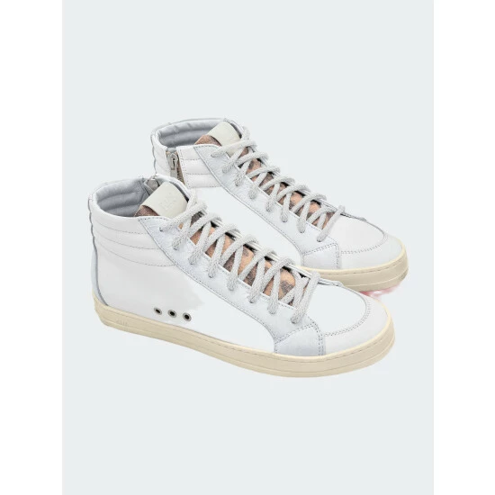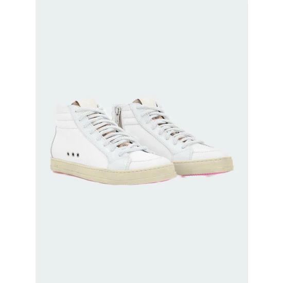 Take a walk on the wild side with the Skate Sneaker Tanky. The skate culture-inspired high-top silhouette with a white leather upper and toe, white crackled leather heel tab and trim, a leopard printed suede tongue, white braided laces and fluorescent pink tread.
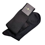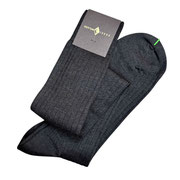 Glatt gestrickter Kniestrumpf in feinster Merinowolle mit einer Beimischung aus Nylon zur Verstärkung von Ferse und Spitze.
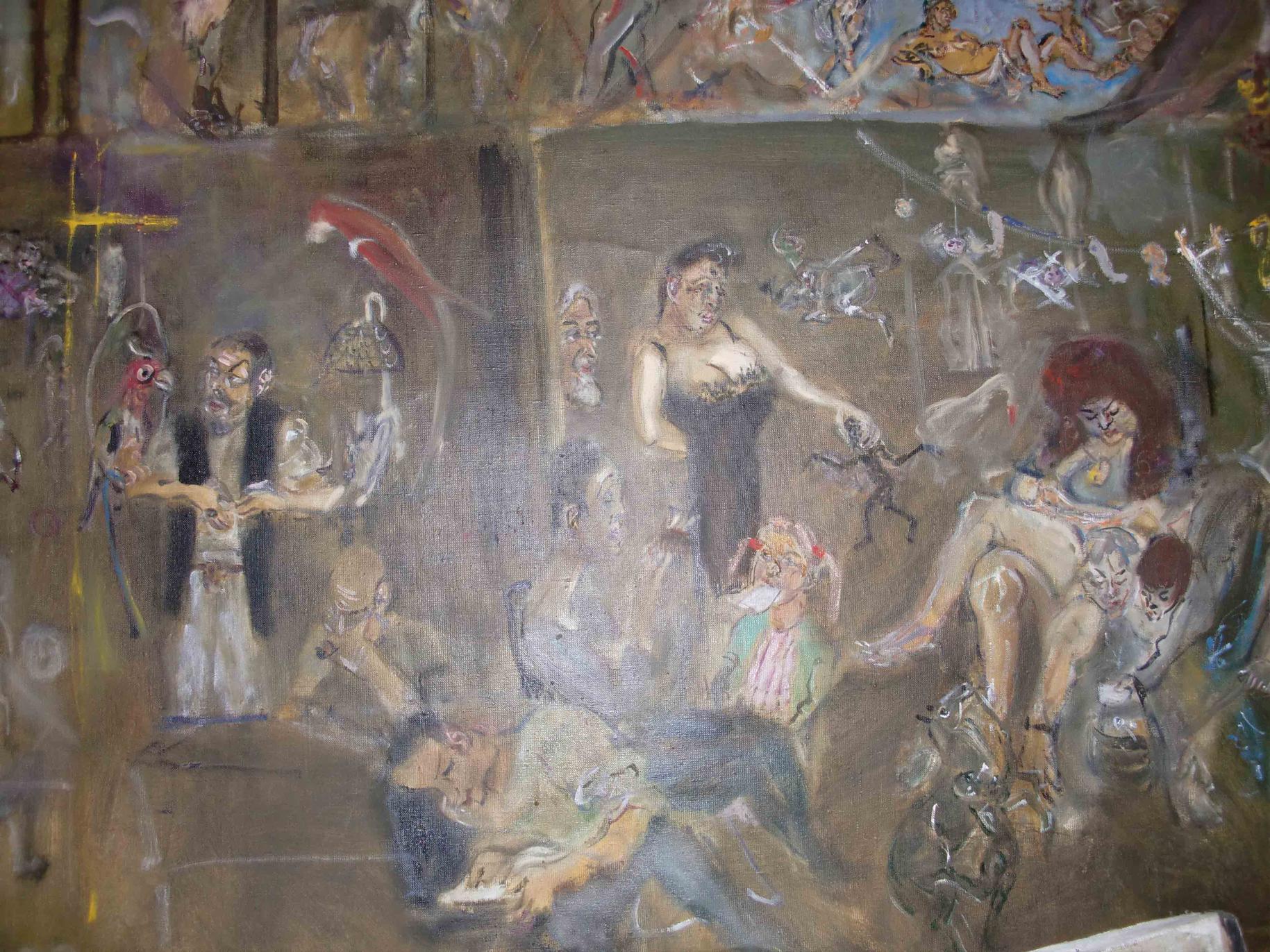 Распятие святого Андрея даже не задумывалось, а все произошло спонтанно. Натта доводила до ума картину «Процедура», новые мысли в замкнутом пространстве, как то приходили медленно, а уже смеркалось, к 17 часам подошли гости, звонок в дверь, Я Натте – Натт гости пришли на чай Она -А они с нами играть будут? -Сейчас узнаем … Открываю дверь, и обращаясь к гостям: -Проходите, гости дорогие. Раздевайтесь. -Да мы раздеваемся -Нет, догола раздевайтесь. -Это с какой такой стати? -А будем играть и рисоваться -Да без проблем, догола так догола… Натта, выйдя в коридор навстречу гостями, удивленно произнесла, -Надо же, впервые вижу, чтобы сразу согласились. Пока пили чай, Натта быстро режиссировала, набросили тряпки на новых актеров: -«Во, давай», распятие Святого Андрея, ты ложись, а ты как будто тянешь его за ноги на веревке, а ты его души… Связали ноги веревкой, для пущей достоверности, один тянет, другой душит. Так, позируя и разговаривая с Наттой, расставленные персонажи были запечатлены. Запала у Натты хватило на исполнение виденного. Главное достигнуто, на холсте воплощена её мысль. А потом «малярные работы», которые Натта не любит. Натта дважды возвращалась к этому полотну, привнося в него виденное вокруг, стараясь попасть в тематику, но всё стопорилось и осталось таким… Гости приходят и уходят, а персонажи сыгранные ими остаются на память, запечатленные в картине гениальной Наттой Ивановной Конышевой. Всем своим гостям принимающим участие в играх Натты Ивановны, всегда говорю,- почтите за честь быть изображенными Наттой Ивановной так честно, откровенно, талантливо Вас редкий художник изобразит. С 78-м днем Рождения НАТТА ИВАНОВНА. Крепкого здоровья, творческого экстаза и молодости души. фото картины "Андреевский флаг" и 8 фото картин из Испании |
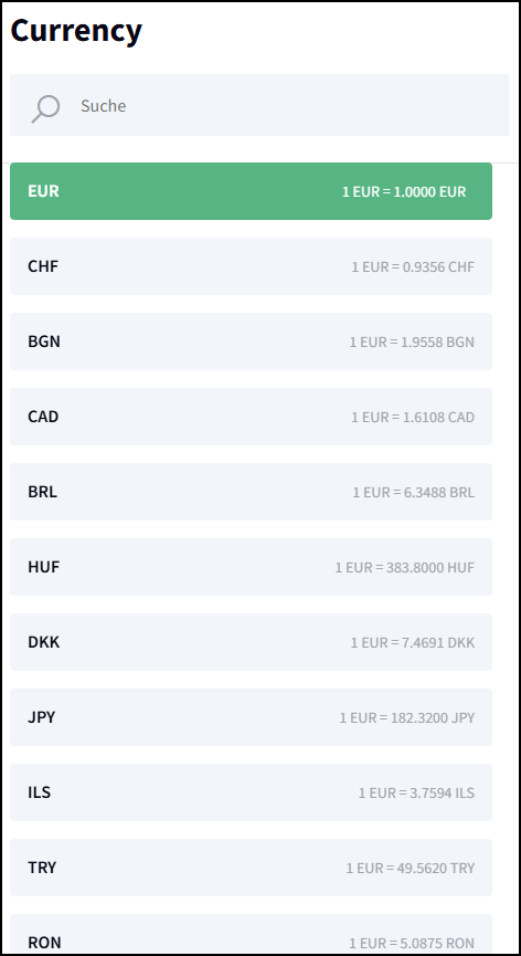 Bei ausländischer Währung kann ein Umrechnungskurs (der EZB) durch Klick auf das € Zeichen vorausgewählt werden

HOW TO COMPLETE THIS TASK – Beginning at the first line of the listing, print each line exactly until and including the one that has "Glatt gestrickter Kniestrumpf"; skip pictures.

TASK SOLUTION –
 Take a walk on the wild side with the Skate Sneaker Tanky. The skate culture-inspired high-top silhouette with a white leather upper and toe, white crackled leather heel tab and trim, a leopard printed suede tongue, white braided laces and fluorescent pink tread.
 Glatt gestrickter Kniestrumpf in feinster Merinowolle mit einer Beimischung aus Nylon zur Verstärkung von Ferse und Spitze.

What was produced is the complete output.